▶ **Task statement**
Restate the following records word for word without images.

[Stored records]
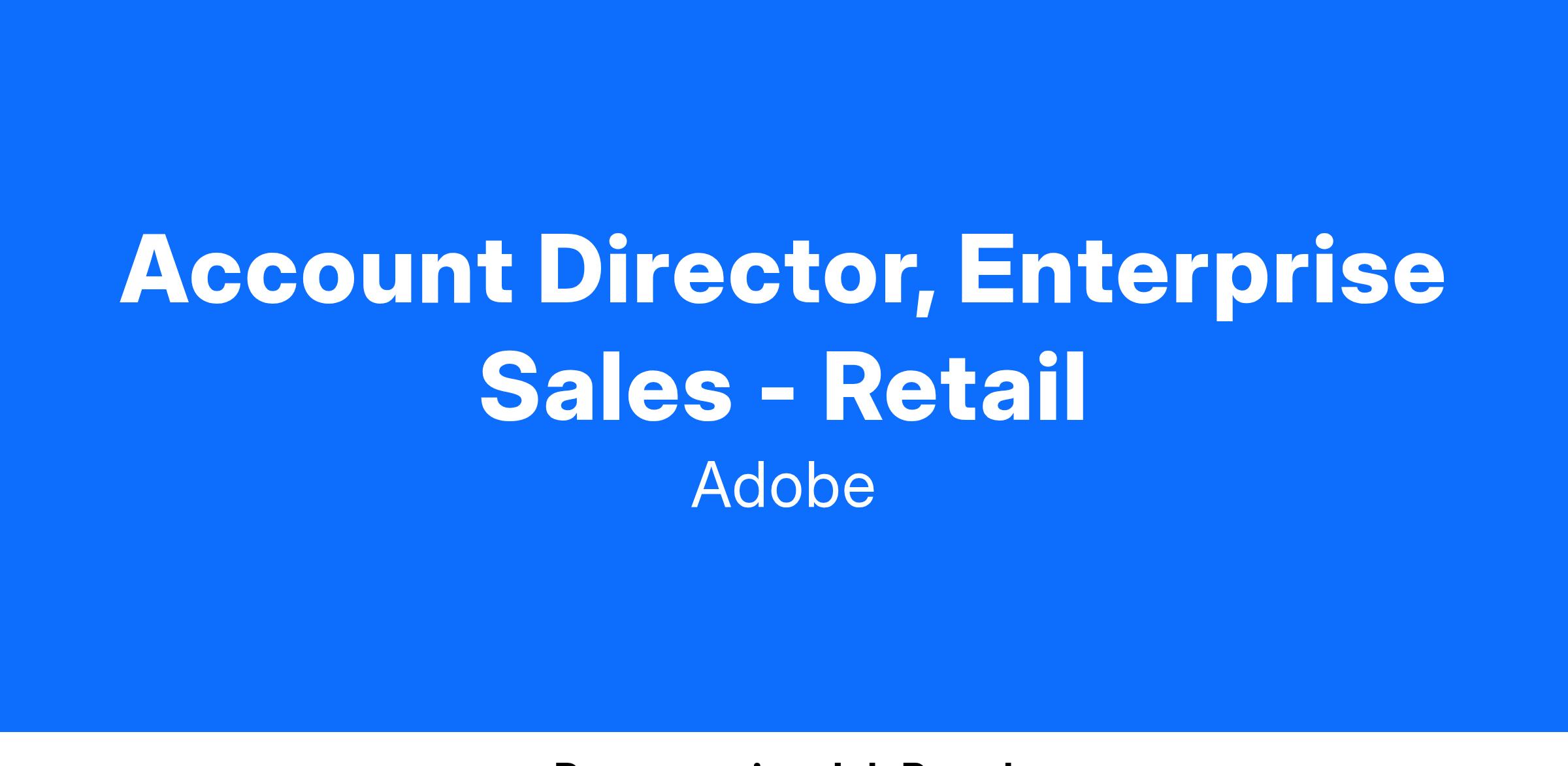Adobe is looking for an Account Director who is responsible for achieving sales targets through the sale of Adobe’s Digital Marketing product lines. As a part of our enterprise sales team, working with Adobe’s largest customers across the Retail industry. This includes the development of long-term relationships with customers as well as crafting strategic account plans. The Account Director will achieve this through software solution selling capabilities and direct, face-to-face contact with the customer. Responsibilities include building relationships at all levels with a focus on c-suite, and effectively navigating the customer's organization. You will guide and assist customers in achieving a successful start with Adobe and help them expand the value realized from our solution. This is a key role at one of the most respected technology companies in Silicon Valley – and the entire US. Successful candidates will be high energy, data-minded, naturally inquisitive, and tech-savvy individual with prior senior level sales experience. Do you value extraordinary benefits, and one of the best places to work in the world?
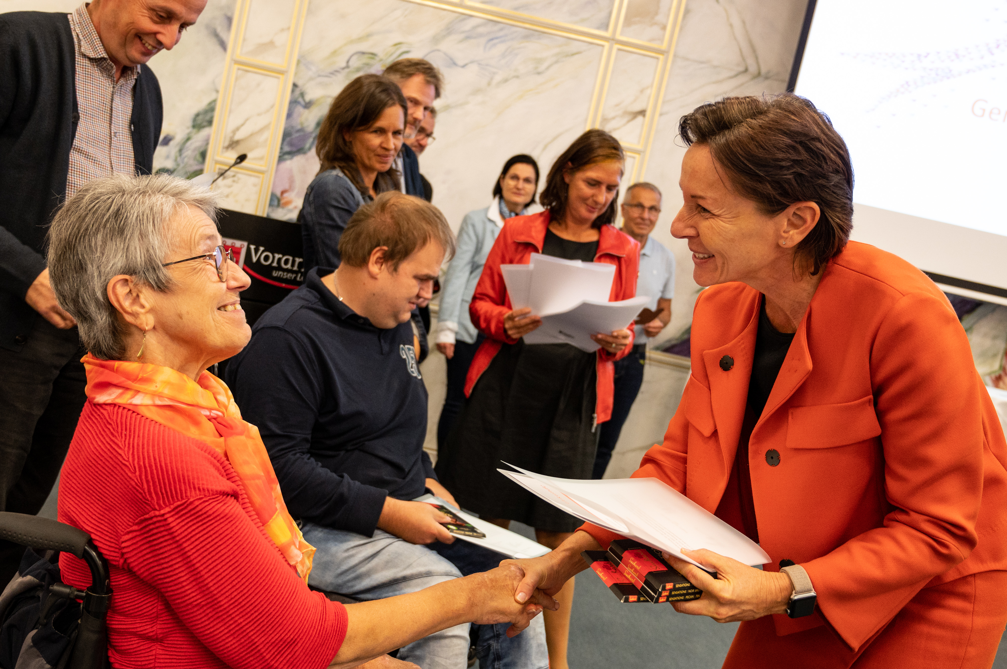 Auf die hohe Bürgerbeteiligung während der Leitbild-Entwicklung und -Ausarbeitung verwies die ressortzuständige Gesundheitslandesrätin. Rund 300 Menschen mit unterschiedlichen Hintergründen und aus verschiedensten Tätigkeitsfeldern, darunter auch viele Betroffene und Angehörige, haben sich im Rahmen von Veranstaltungen oder Arbeitsgruppen aktiv in den Prozess eingebracht. Es sei gelungen, die Stimmen und Erfahrungswelten sehr vieler Menschen einzubeziehen, bilanzierte Rüscher zufrieden: „Als Ergebnis herausgekommen ist ein kraftvolles, weil bereichsübergreifendes Leitbild für ein inklusives Vorarlberg“. Federführend begleitet wurde der Leitbild-Prozess vom Fachbereich Chancengleichheit unter der Leitung von Elisabeth Tschann. Mit viel Partizipationserfahrung und Moderations-Know-how leistete das Büro für Freiwilliges Engagement und Beteiligung (FEB) wichtige Unterstützung.
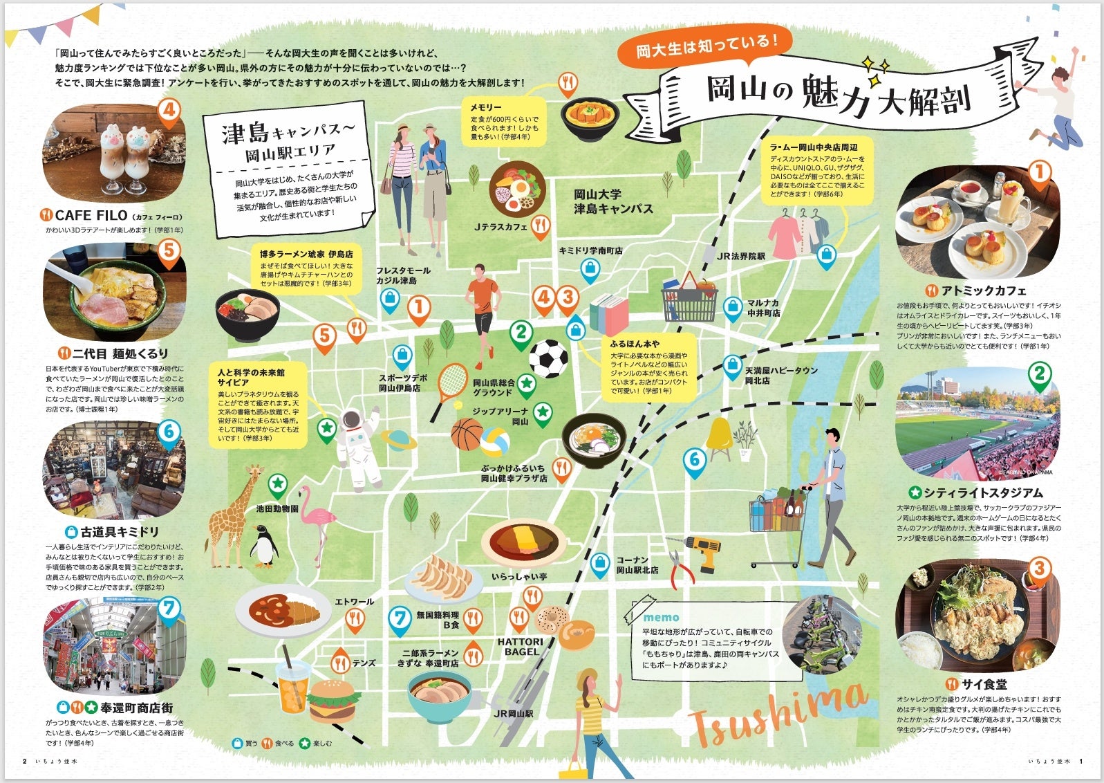 本号では、 岡大生は知っている! 岡山の魅力大解剖として、岡山大学生の視点を中心とした特集号となっています。
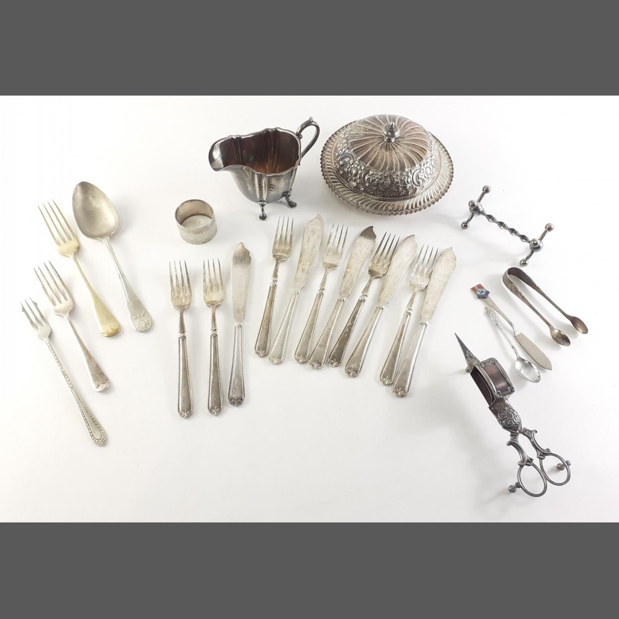 A super lot of silver plated items to include lidded bonbon dish, jug, fish knives and forks, napkin ring and others. A good lot of quality items.
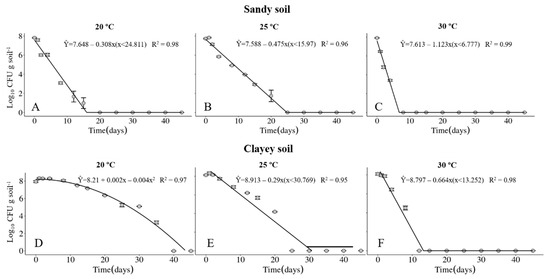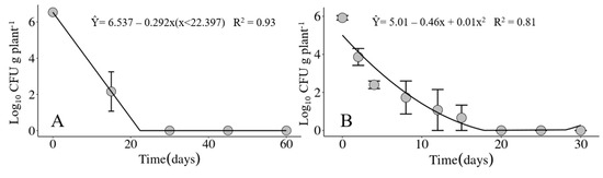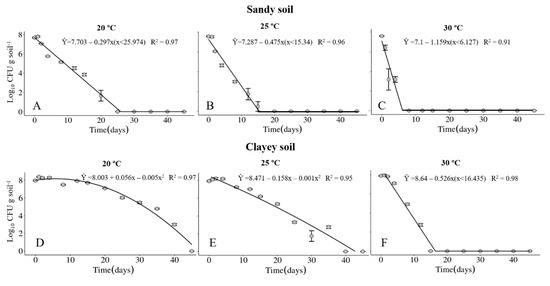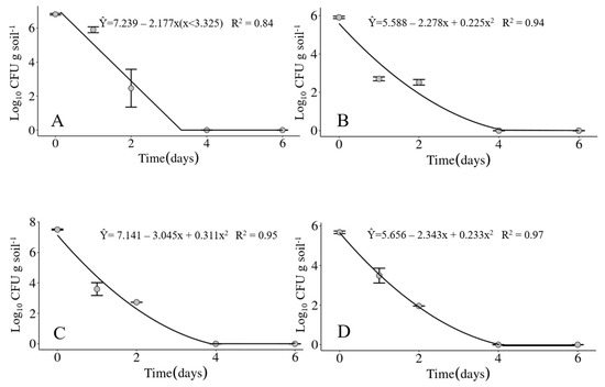 Bacterial population data were expressed in log10 UFC g soil−1 and subjected to analysis of variance (p < 0.05). The assumptions of normality of errors and homogeneity of variances were tested by the Shapiro–Wilk [27] and Levene tests [28], respectively, at 5% probability. When a significant effect was found, polynomial, linear or bisegmented regression analysis was performed using the “Segmented” package of the R software [29]. Survival analysis was also performed using the Kaplan–Meier estimator [30]. Treatments were compared using the log-rank test [31]. Analysis was carried out using the R package “Survival” [29].
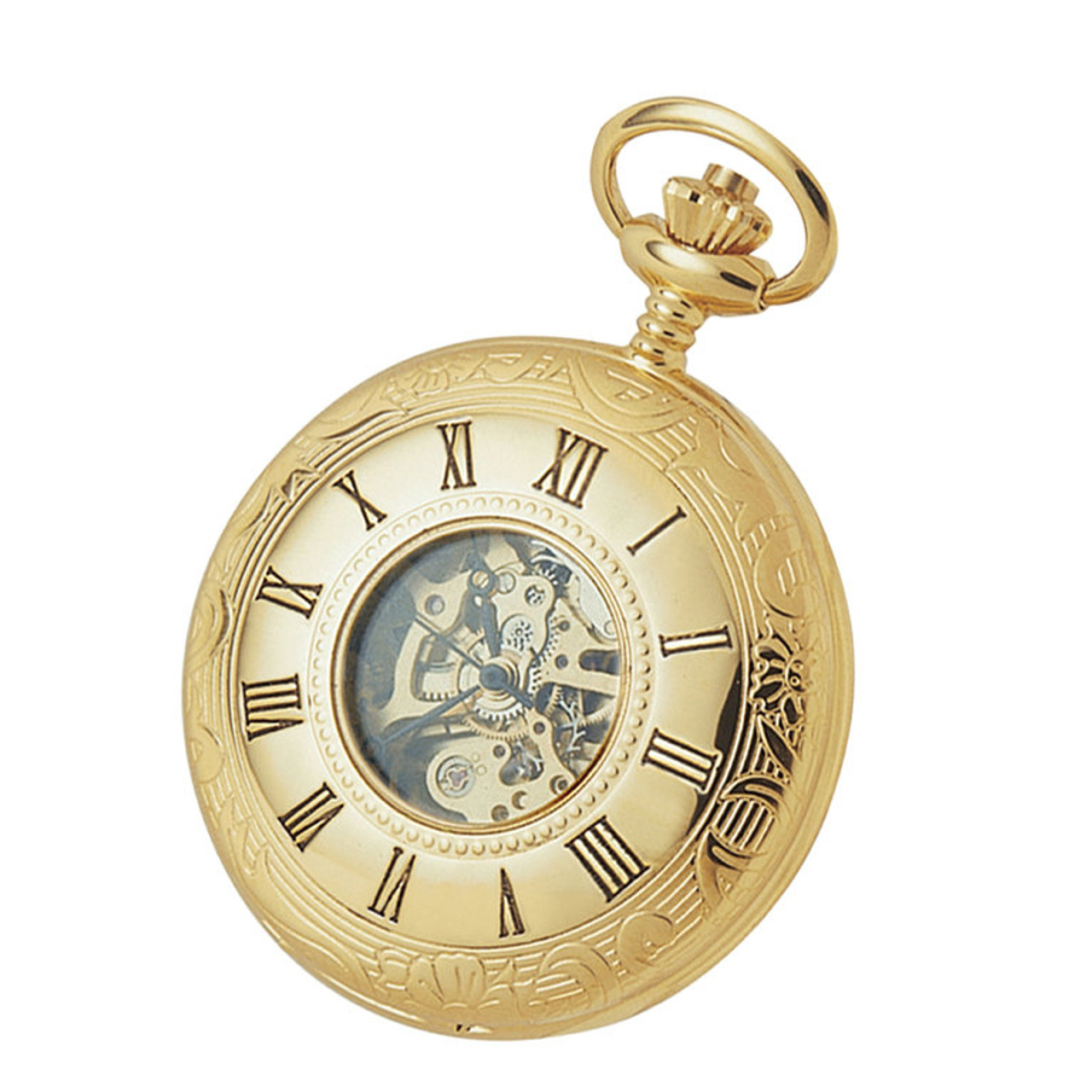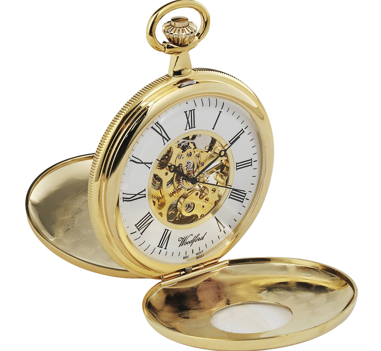 - Woodford 17 jewel mechanical 3 hand double half hunter pocket watch 1078 in gold tone steel case with chain and 1 year warranty.
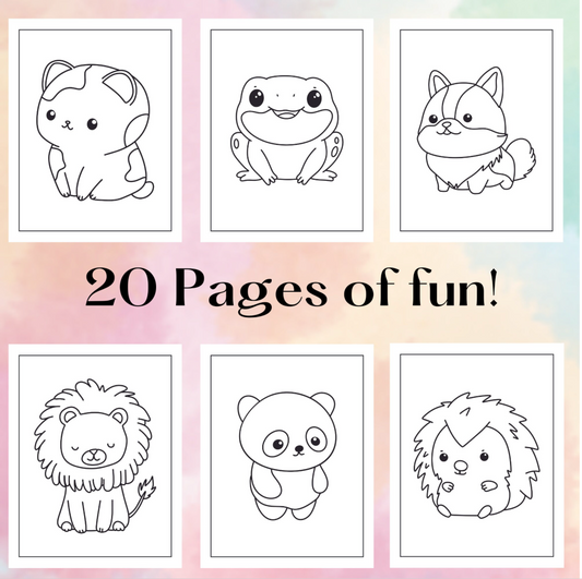 Niedliche Malvorlagen mit Tieren für Kinder und Erwachsene, ausdruckbare Malvorlagen mit Tieren, Malbuch für Kinder, ausdruckbar für den Heimunterricht, Kawaii-Malvorlagen
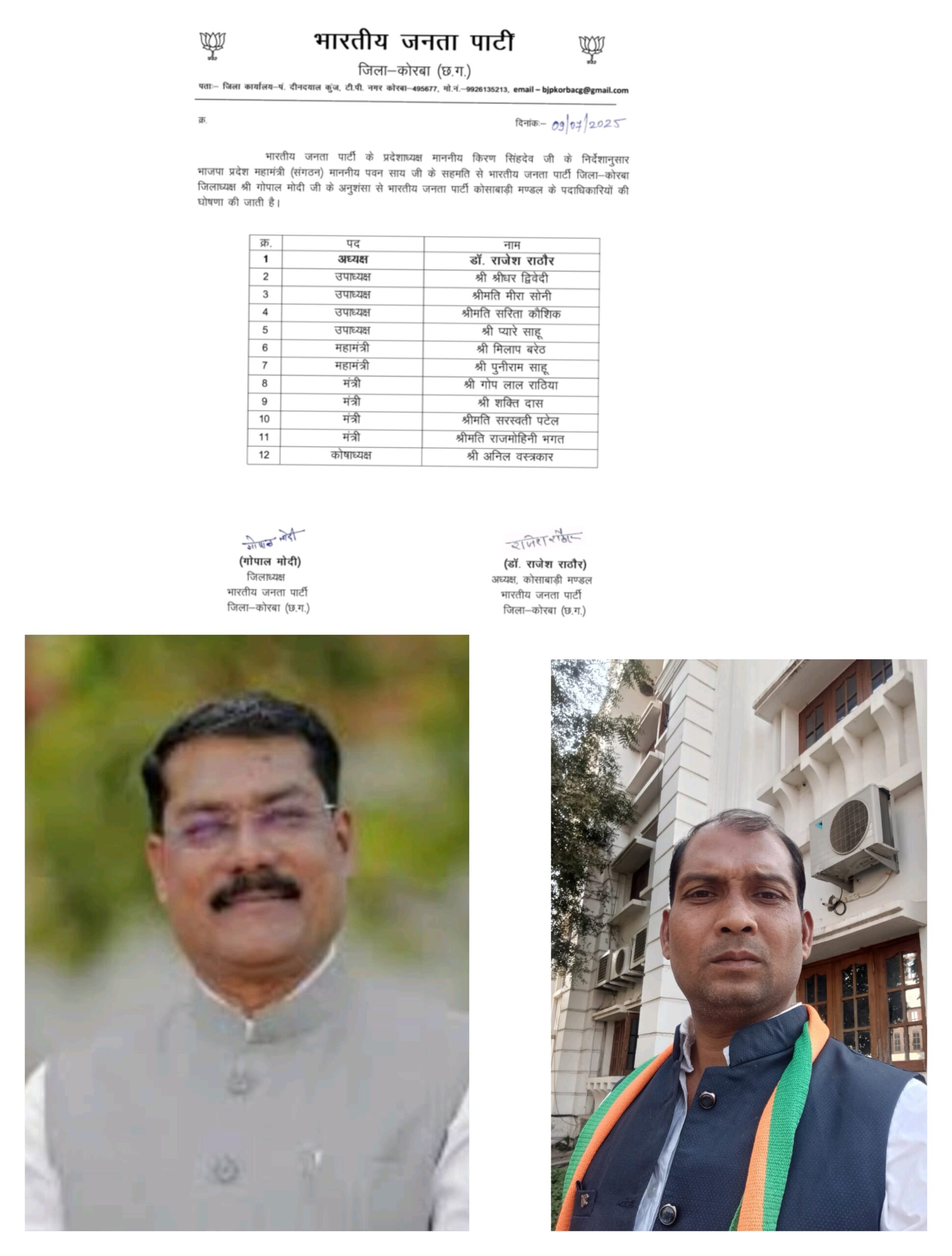 त्रिनेत्र टाइम्स कोरबा ****/ कोरबा। भारतीय जनता पार्टी जिला कोरबा के कोसाबाड़ी मंडल की नई कार्यकारिणी की घोषणा कर दी गई है। भाजपा प्रदेश अध्यक्ष किरण सिंहदेव के निर्देश एवं प्रदेश महामंत्री (संगठन) पवन साय की सहमति से भाजपा जिला अध्यक्ष श्री गोपाल मोदी ने कार्यकारिणी की सूची जारी की।

▶ **Written answer**
Adobe is looking for an Account Director who is responsible for achieving sales targets through the sale of Adobe’s Digital Marketing product lines. As a part of our enterprise sales team, working with Adobe’s largest customers across the Retail industry. This includes the development of long-term relationships with customers as well as crafting strategic account plans. The Account Director will achieve this through software solution selling capabilities and direct, face-to-face contact with the customer. Responsibilities include building relationships at all levels with a focus on c-suite, and effectively navigating the customer's organization. You will guide and assist customers in achieving a successful start with Adobe and help them expand the value realized from our solution. This is a key role at one of the most respected technology companies in Silicon Valley – and the entire US. Successful candidates will be high energy, data-minded, naturally inquisitive, and tech-savvy individual with prior senior level sales experience. Do you value extraordinary benefits, and one of the best places to work in the world?
 Auf die hohe Bürgerbeteiligung während der Leitbild-Entwicklung und -Ausarbeitung verwies die ressortzuständige Gesundheitslandesrätin. Rund 300 Menschen mit unterschiedlichen Hintergründen und aus verschiedensten Tätigkeitsfeldern, darunter auch viele Betroffene und Angehörige, haben sich im Rahmen von Veranstaltungen oder Arbeitsgruppen aktiv in den Prozess eingebracht. Es sei gelungen, die Stimmen und Erfahrungswelten sehr vieler Menschen einzubeziehen, bilanzierte Rüscher zufrieden: „Als Ergebnis herausgekommen ist ein kraftvolles, weil bereichsübergreifendes Leitbild für ein inklusives Vorarlberg“. Federführend begleitet wurde der Leitbild-Prozess vom Fachbereich Chancengleichheit unter der Leitung von Elisabeth Tschann. Mit viel Partizipationserfahrung und Moderations-Know-how leistete das Büro für Freiwilliges Engagement und Beteiligung (FEB) wichtige Unterstützung.
 本号では、 岡大生は知っている! 岡山の魅力大解剖として、岡山大学生の視点を中心とした特集号となっています。
 A super lot of silver plated items to include lidded bonbon dish, jug, fish knives and forks, napkin ring and others. A good lot of quality items.
 Bacterial population data were expressed in log10 UFC g soil−1 and subjected to analysis of variance (p < 0.05). The assumptions of normality of errors and homogeneity of variances were tested by the Shapiro–Wilk [27] and Levene tests [28], respectively, at 5% probability. When a significant effect was found, polynomial, linear or bisegmented regression analysis was performed using the “Segmented” package of the R software [29]. Survival analysis was also performed using the Kaplan–Meier estimator [30]. Treatments were compared using the log-rank test [31]. Analysis was carried out using the R package “Survival” [29].
 - Woodford 17 jewel mechanical 3 hand double half hunter pocket watch 1078 in gold tone steel case with chain and 1 year warranty.
 Niedliche Malvorlagen mit Tieren für Kinder und Erwachsene, ausdruckbare Malvorlagen mit Tieren, Malbuch für Kinder, ausdruckbar für den Heimunterricht, Kawaii-Malvorlagen
 त्रिनेत्र टाइम्स कोरबा ****/ कोरबा। भारतीय जनता पार्टी जिला कोरबा के कोसाबाड़ी मंडल की नई कार्यकारिणी की घोषणा कर दी गई है। भाजपा प्रदेश अध्यक्ष किरण सिंहदेव के निर्देश एवं प्रदेश महामंत्री (संगठन) पवन साय की सहमति से भाजपा जिला अध्यक्ष श्री गोपाल मोदी ने कार्यकारिणी की सूची जारी की।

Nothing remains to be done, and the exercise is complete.